‘A Uyghur Poet in Fairfax’ by Nuo Ya

written by Yi Xiaocuo

He wiped away his tears gently in the Wall Street Journal‘s news room when telling the world how Xinjiang has turned into an open-air prison. Shortly after that, his and his wife’s family members were taken by the Chinese police.

This is Tahir Hamut, one of the most renowned contemporary Uyghur poets, starting his life all over again in US at 47 years old. The mundane everyday scenes in America make the perilous exodus out of China seem unreal. He added gas to the car; he patiently described the mass arrests of the Uyghurs, again; he walked around the park holding his head high, not letting the hardship ruin his posture. The park in the Virginia winter is peaceful and quiet, but not a tree branch resembles Kashgar. After a silent moment, his tone suddenly became warm and lively when reading a poem in Uyghur, his mother tongue, his last sanctuary.

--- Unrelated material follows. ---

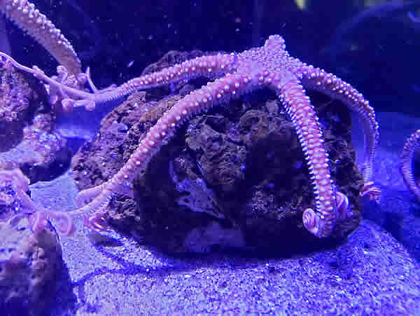 おそらく串本沖から2018年に報告された個体以降は確認されていないように思います。公式な記録はニュージーランド、沖縄沖、長崎沖、串本沖で今回ご紹介するのも串本沖の水深220m~350mの間でとれた個体で、今回は一度に3個体の搬入がありました。もしかしたら世界で5例目かもしれない超貴重な生物なのですが、見た目に可愛げがないのかただのヒトデに見えるのか、全然興味をもってもらえません。むしろこの摩訶不思議で珍妙な姿が深海生物の醍醐味だと思うんですけどね。よく見ると腕先がゆっくり動いていて面白いのに。お客さんを捕まえて説明してみても反応はイマイチ。あんまり動かないからかなぁ。

James Baldwin, in his The Artist’s Struggle for Integrity, talks about that the artist is an analogue for the integrity of being human. “Only an artist can tell … what it is like for anyone who gets to this planet to survive it. What it is like to die, or to have somebody die; what it is like to be glad… The poets (by which I mean all artists) are finally the only people who know the truth about us. Soldiers don’t. Statesmen don’t. Priests don’t. Union leaders don’t. Only poets.”

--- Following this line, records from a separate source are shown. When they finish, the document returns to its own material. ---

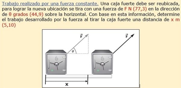 Una caja fuerte debe ser re ubicada, para lograr la nueva ubicación se tira con una fuerza de F N (77,3) en la dirección de θ grados (44,9) sobre la horizontal. Con base en esta información, determine el trabajo desarrollado por la fuerza al tirar la caja fuerte una distancia de x m (5,10)
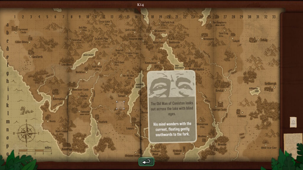 So the shopkeeper as aspect of the gameplay is immediately familiar and this time you neither have to guess what the customer wants nor to do any additional work to process the raw ingredients. The challenge is the plants in your collection don’t start out being labelled so it’s up to you to identify them. The guidebook contains an illustration of each plant, but it’s in monotone and may frequently depict only part of the whole plant. So you need to carefully read the accompanying description and examine the plant itself to get the right one. I’d expected that once you have identified a plant, you’d get customers asking for it again. That would be trivially easy but the game refrains from this sort of repetitive gameplay to its credit. In addition to this, you add plants to your shop mainly by venturing out into the world. This is done simply by choosing a location on the map to visit. The challenge then is deciding where to go based on the clues that you obtain either through the cards that are unlocked every day or from visitors. Sometimes the puzzle is as simple as visiting a location named by someone. Other times, you must carefully study the terrain features of the map to figure out where you’re meant to go.
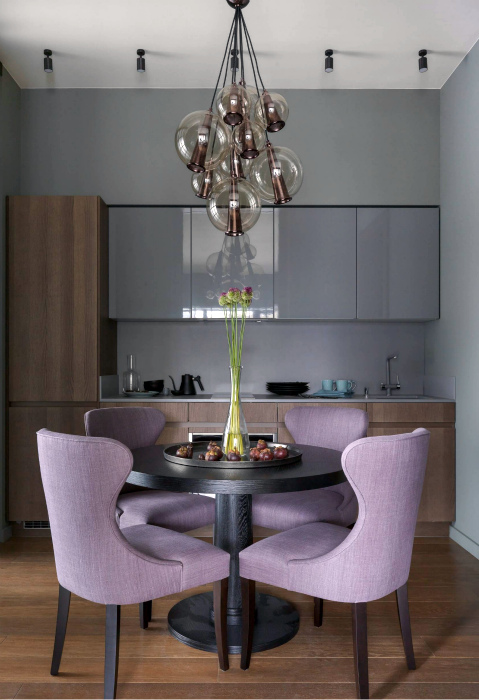 Кухня в классическом стиле. | Фото: Интерьеры, дизайн. Лаконичный кухонный гарнитур из дерева и стекла, массивный круглый стол, мягкие стулья приятного сиреневого оттенка и эффектная броская люстра - все это последние тенденции современного классического интерьера кухни.
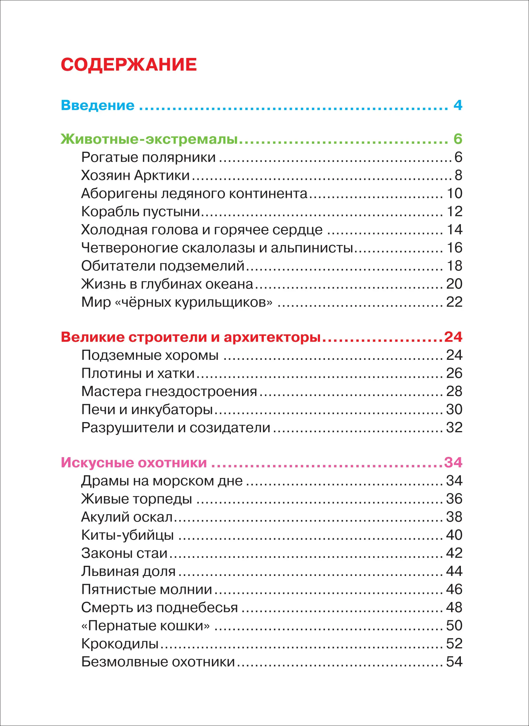 Книга рассказывает о самых разных видах животных, обитающих на Земле. Юные читатели узнают любопытные факты из жизни млекопитающих, птиц, насекомых, рептилий, амфибий, морских обитателей планеты, изложенные увлекательным языком. Крошечные и огромные, хищные и травоядные, опасные и безобидные, дикие и домашние - животные такие разные, но именно поэтому они и интересны нам.

Displacement is not just the physical removal of one’s body from their native land. In the film, the psychological stress of uprooting and struggling hides in the silent gestures of his performance. Underneath his fierce cultural pride, his belonging to the Uyghur lifeworld still burns bright. Tahir is still writing, he writes poignantly about the distance between all the capital cities in which he has lived his life: Urumqi, Beijing, and Washington DC. The experiences of everyday life as an exile, a transnational being, struggles with immigration paperwork, survival, and witnessing the violence in homeland from afar… still linger and shape his poetry.

Born in Mexico, filmmaker Nuo Ya traveled to Kunming in China in 2008 and learned about the Uyghur community there. He has been following the situation in Xinjiang since then.

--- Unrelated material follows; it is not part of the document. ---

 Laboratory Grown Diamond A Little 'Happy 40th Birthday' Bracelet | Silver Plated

Read more about Tahir Hamut and his poetry on Words Without Borders, Asymptote, Banango Street, Frontier Poetry, Art of Life in Chinese Central Asia.

The STONE MIRROR
Tahir Hamut
tr. Joshua L. Freeman


I saw you looking in the stone mirror before,
dripping water, your idea was so close to me then.
Today you tasted the winter wind, a bitter taste.
The same depression, the same downcast features.
Two drops of the black night, your eyes!
You can’t imagine a homeland you’ve never seen.
Where did you find the stone mirror? In a bygone age, or in your dream?
In those times all hearts were sand, were wind,
and they had a black smell that wouldn’t fade.
Now, clouds crowd into the bottom of your ear, you can’t hear,
you feel the mournful cold, you slowly lift your head,
loneliness follows loneliness, as sunlight sinks into sunlight.
Tell me, can I kiss you with frozen lips?
Tell me, will the sun that lights the stone mirror swallow us?
Goodbye my dearest, flee, get far from here!
But a tree will not defy the land.
Here it’s still winter, the trees haven’t yet grown leaves.
A handful of pale gold soul in my palm, in my fingers.
The spring season is my resolve.
Time is still long, like time itself.
Oh my dearest, tell me now: which one of us should die first?


November 1995, Ürümchi

RETURNING TO KASHGAR
Tahir Hamut
tr. Joshua L. Freeman

Watching the mysterious unknown figure of Kashgar
I shudder in dread of glorious nights.
Girls that have married, friends that have died, a dry spring.
Eyes are a pinch of earth that has vanished from the land:
a television, cheap tobacco, dirty socks, the original of a translation.
The green bridge and the greengrocer market are dim in my memory,
I lie stretched out like a boneless animal,
my stomach is hungry, my face is dark, my heart is empty!
But in far Ürümchi someone chews an icy stone,
her eyes, her face are damp; sin before her, and God behind.
Clear steam rises from sugared cornmeal gruel,
sparrows step slowly along the power lines,
in the low sky a frightening heaviness.
Mournful elders, wayward youths, eager children,
in just three years all have grown old and ugly.
Kashgar—the moment between eyebrow and eyelash,
paper stuck to the face of the sun, eternal black ink,
a festering old wound, pathetic love.

But you
balled up wind and threw it at the sky,
then you looked at me,
rain drips from a coin-sized hole in our thoughts.